Понятно, попытка опубликовать четверостишие в журнале "Работница" провалилась, что очень обидело юного творца. И все-таки коротенькое это стихотворение появилось на свет не зря. Оно живо до сих пор, живо в памяти моих знакомых, и родственников, и моей. Всякий раз в день Восьмого марта кто-нибудь из нас, да и не один, начинает телефонный или при встрече разговор со слов: "Ну, как, порвались цепи вековые?" Смеемся, и только. Праздник?.. Какой праздник?!, Но это к слову.
Литературный дебют юного сочинителя состоялся в день окончания им школы. На выпускном вечере самодеятельный школьный драмкружок показал спектакль по его пьесе с архиреволюционным названием и содержанием "Хвосты старого быта". Рукопись не сохранилась.
Вскоре в жизни подростка произошли тяжкие перемены. Умерла мать. В дом вошла мачеха. И спустя несколько месяцев после этого события пятнадцатилетний Исаак Соболев навсегда покинул отчий дом, направился в столицу, в Москву. Отец сына не отговаривал, не удерживал, дал ему на дорогу и "обзаведение" тридцать рублей и посчитал на том родительские обязанности исчерпанными. Полностью. В плетеной дорожной корзинке молодого путника лежали две пары латаного белья и тетрадочка его первых стихов.
Покидая родительский дом, он записал в нее несколько строк:
День устал, тяжело опустил свои веки.
С горизонта сполз вечер,
неприветливый вечер такой.
С милым детством моим
я, обнявшись, простился навеки И ушел в неизвестность,
томимый тревогой, тоской...
После недолгого пребывания в столице:
О, как солоны, жизнь, твои бурные, темные воды!
Захлебнуться в них может и самый искусный пловец...

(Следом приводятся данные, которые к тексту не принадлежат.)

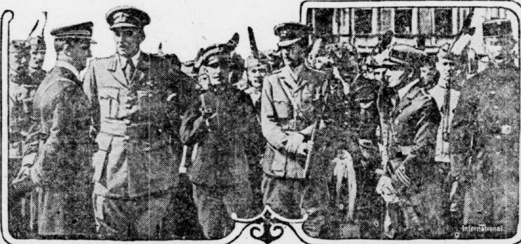
Admiral Von Horthy, the regent of Hungary, discussing the peace situation with the emissaries of the entente mission in Debrecen. The admiral is seen on the extreme left of the photograph in the foreground.
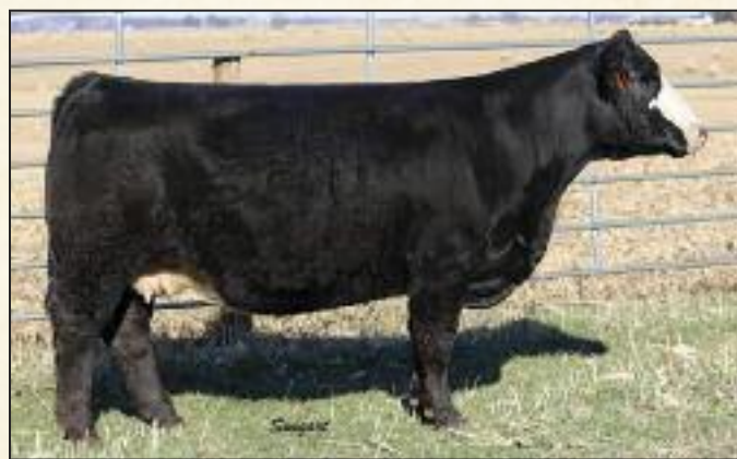
Lot 51 – Northland Miss 553C

AI Bred Hooks Beacon 5/23/20; PE Northland Main Frame 5/24/20-8/20/20; Due as early as 2/28/21, Too close to call. Here's a soft made yet attractive Blaze Face "Command" daughter that is easy to keep. A "Bismarck" son sold off our 2018 Bull Test, and a baldy "Main Frame" daughter stays at home. Whether it's "Beacon" or "Main Frame" it should be a good one.
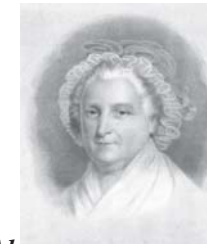
Above: Martha Jefferson, left, and Martha Washington, right.
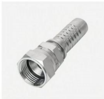
P/N:26711D JIC female 74° double hexagon
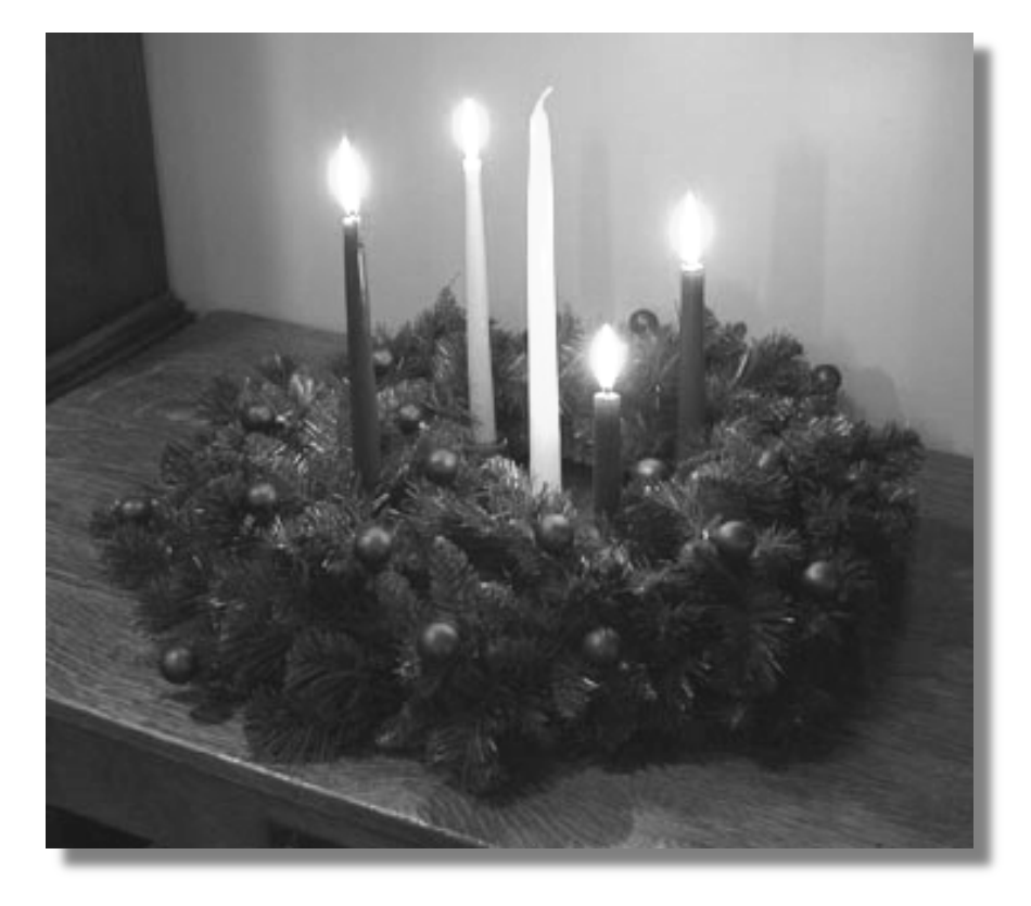
"Jesus said, I am the light of the world; 'he who follows me will not walk in darkness, but will have the light of life'" - John 8:12

This first candle reminds us of the light of HOPE of the prophets.

В памяти осталось всего лишь несколько строк из забытого стихотворения. Жилось ему, как видно, не сладко. Незваный гость в семье старшей сестры, где он нашел пристанище, понятно, на время. С его появлением у сестры прибавилось забот, да и лишний рот за столом. Ее скептицизм по поводу поэтического дарования брата был непоколебим, а доводы здравого смысла в пользу его будущей профессии, ею выбранной, казались очень убедительными, ибо гарантировали ему скорую и прочную материальную независимость. Поэтому осиротевший брат был определен в школу ФЗУ (на базе средней школы), по окончании которой стал слесарем, т.е. начал самостоятельно зарабатывать себе на хлеб насущный.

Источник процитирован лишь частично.